In this high-testosterone atmosphere there are fights. And there can be deaths. So we, as farmers, have to undertake procedures to avoid this. Losing a ram from a brain aneurysm is not something I want to have happen again.
If you’ve ever had the opportunity to see rams fighting you will know that they will back up and then charge at each other, hitting heads with great force. (Which is why we have expressions such as ram-raid and battering ram) You can often pick when they are preparing for breeding season – they repeatedly bash trees to tone-up their strength!!
So, when you take the rams from the ewes and the territorial hormones are still flowing strongly you can get fireworks. The way I diffuse this as much as possible is to cram the rams that will be in the bachelor group all together in a small yard, mixing any just-got-demoted-Romeos and the we-missed-out-wannabe-Romeos.
This achieves two things: a) they rub their scents all over each other, so there is less “us vs them”; and b) they don’t have room to back up and charge each other. They can still swing their heads into each others shoulders/ribs/butt but it won’t have the same force as a full-throttle attack.
A couple of hours later and they are usually pretty chilled. There may be a bit of bravado here and there but the “kill on sight” reflex has been dulled. I like to them put them out in their paddock with a nice, attention-diverting snack too.
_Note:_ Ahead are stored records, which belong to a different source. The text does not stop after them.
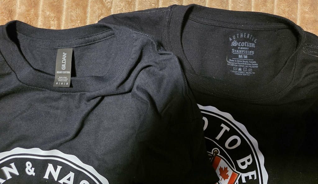 I purchased this shirt about a month ago. Very nice qualityT shirt. When I opened the package their was a hand written note asking if I liked the shirt. Would definitely support this Canadian Vendor from The East Coast in the future!!!
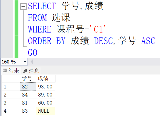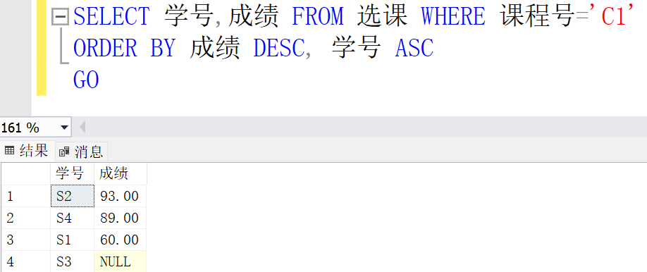 求选修C1课程的学生学号和成绩,并要求对查询结果按成绩的降序排列,如果成绩相同则按学号的升序排列。
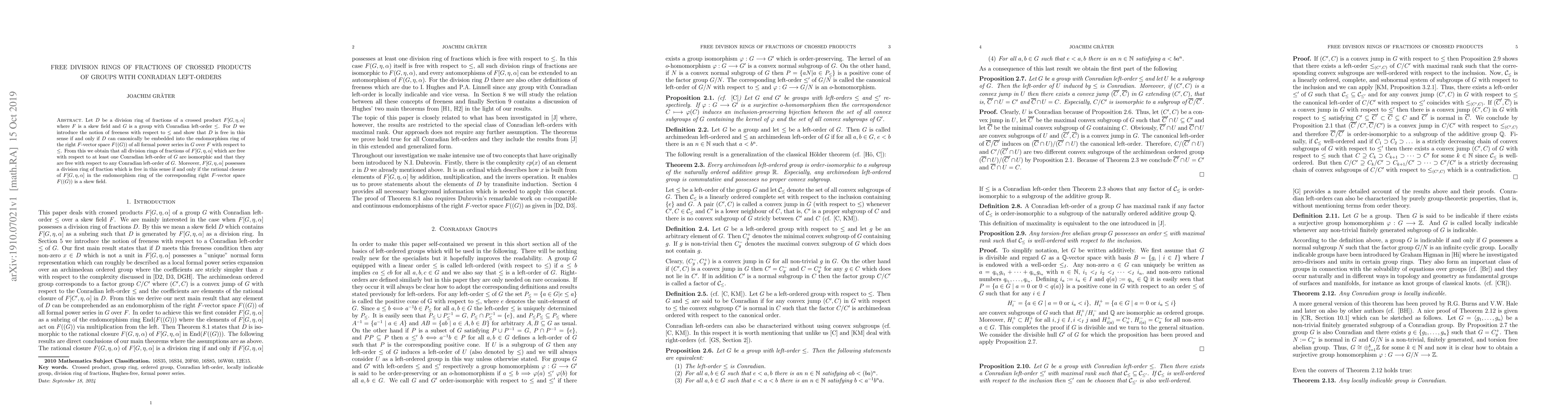 Let $D$ be a division ring of fractions of a crossed product $F[G,\eta,\alpha]$ where $F$ is a skew field and $G$ is a group with Conradian left-order $\leq$. For $D$ we introduce the notion of freeness with respect to $\leq$ and show that $D$ is free in this sense if and only if $D$ can canonically be embedded into the endomorphism ring of the right $F$-vector space $F((G))$ of all formal power series in $G$ over $F$ with respect to $\leq$. From this we obtain that all division rings of fractions of $F[G,\eta,\alpha]$ which are free with respect to at least one Conradian left-order of $G$ are isomorphic and that they are free with respect to any Conradian left-order of $G$. Moreover, $F[G,\eta,\alpha]$ possesses a division ring of fraction which is free in this sense if and only if the rational closure of $F[G,\eta,\alpha]$ in the endomorphism ring of the corresponding right $F$-vector space $F((G))$ is a skew field.
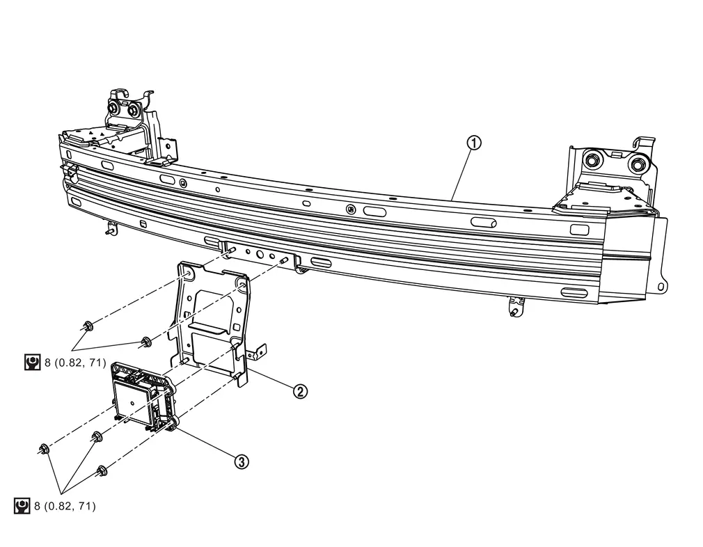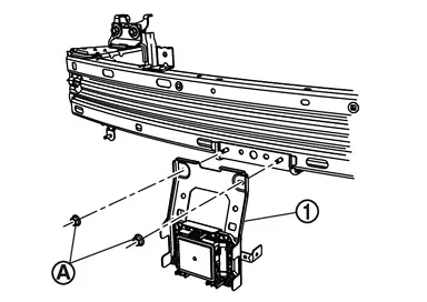 | 1. | Front bumper reinforcement | 2. | Distance sensor bracket | 3. | Distance sensor |
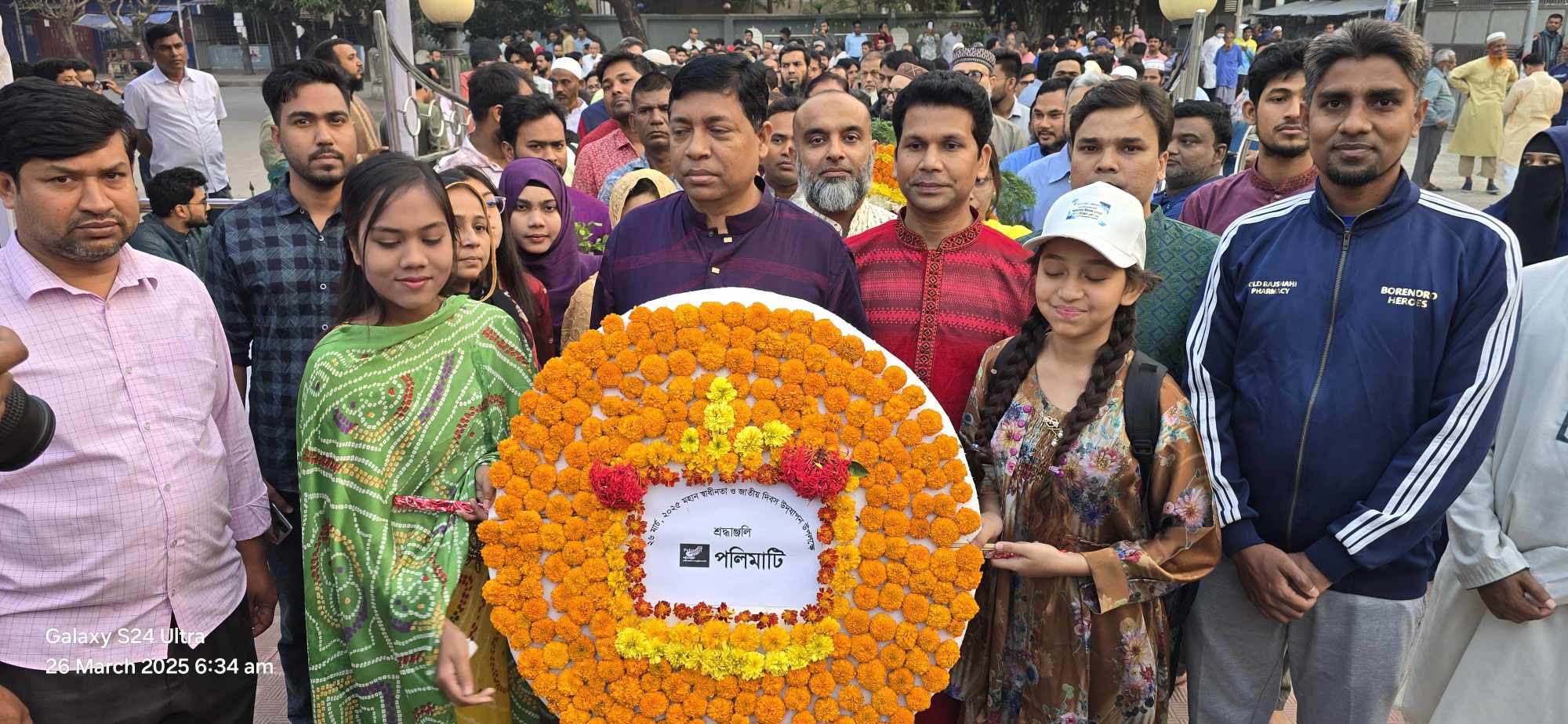 ২৬ মার্চ ২০২৫ তারিখ বুধবার মহান স্বাধীনতা ও জাতীয় দিবসে মুক্তিযুদ্ধে আত্মদানকারী শহীদদের প্রতি বিনম্র শ্রদ্ধা জানিয়েছে রাজশাহীর সামাজিক ও সাংস্কৃতিক সংগঠন ‘পলিমাটি’। সকাল ৬:১৫ টায় রাজশাহী জেলা প্রশাসকের কার্যালয় সংলগ্ন স্বাধীনতা স্তম্ভে এ শ্রদ্ধা জানানো হয়।

And as a side-note: everyone sort of expects that rams with horns are worse behaved…. well, not in my experience. Certainly, they can do a really nasty side-maneuver that polled breeds can’t BUT they aren’t Super Rams. In fact, the only ram I have ever lost in a fight was a horned ram – and he lost to a polled one. My theory is that a glancing blow to a horned ram causes more torsion or uneven force on the skull which can result in more internal damage.